Data

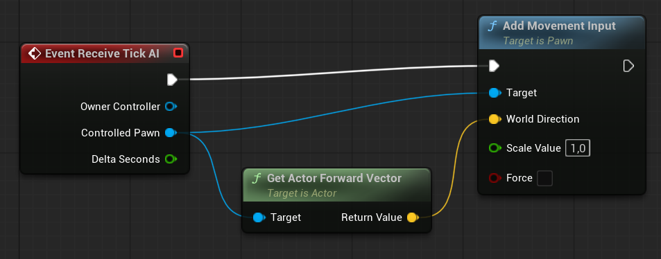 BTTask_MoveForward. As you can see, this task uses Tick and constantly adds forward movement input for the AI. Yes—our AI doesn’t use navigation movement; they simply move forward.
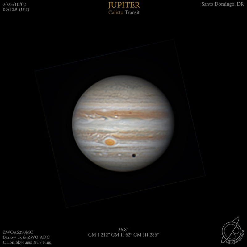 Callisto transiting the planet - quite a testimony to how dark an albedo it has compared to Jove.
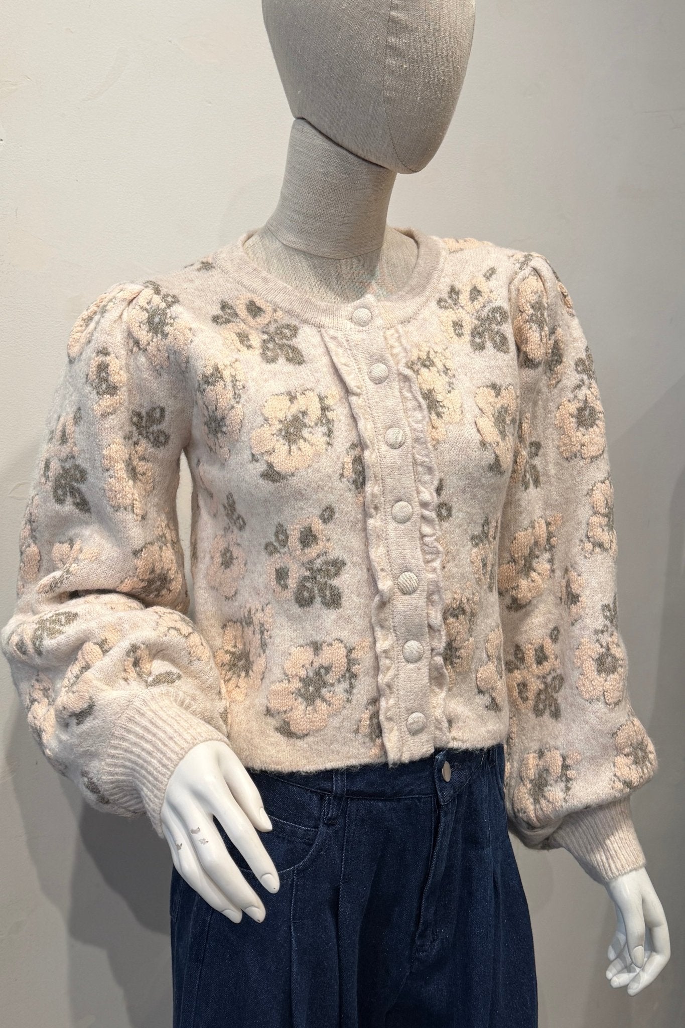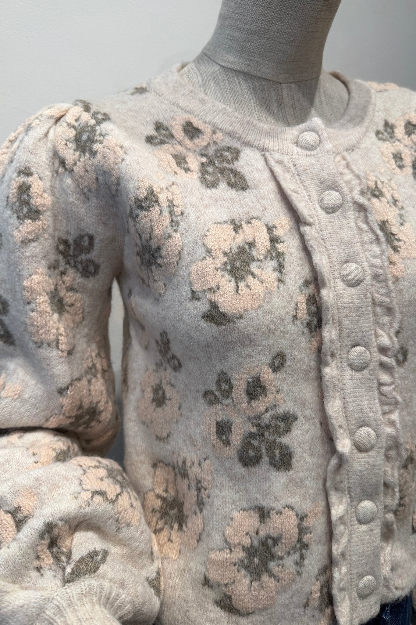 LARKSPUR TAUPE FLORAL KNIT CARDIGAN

What you are asked to do
The listing above should be returned word for word, with pictures omitted.

Solution to this task
 BTTask_MoveForward. As you can see, this task uses Tick and constantly adds forward movement input for the AI. Yes—our AI doesn’t use navigation movement; they simply move forward.
 Callisto transiting the planet - quite a testimony to how dark an albedo it has compared to Jove.
 LARKSPUR TAUPE FLORAL KNIT CARDIGAN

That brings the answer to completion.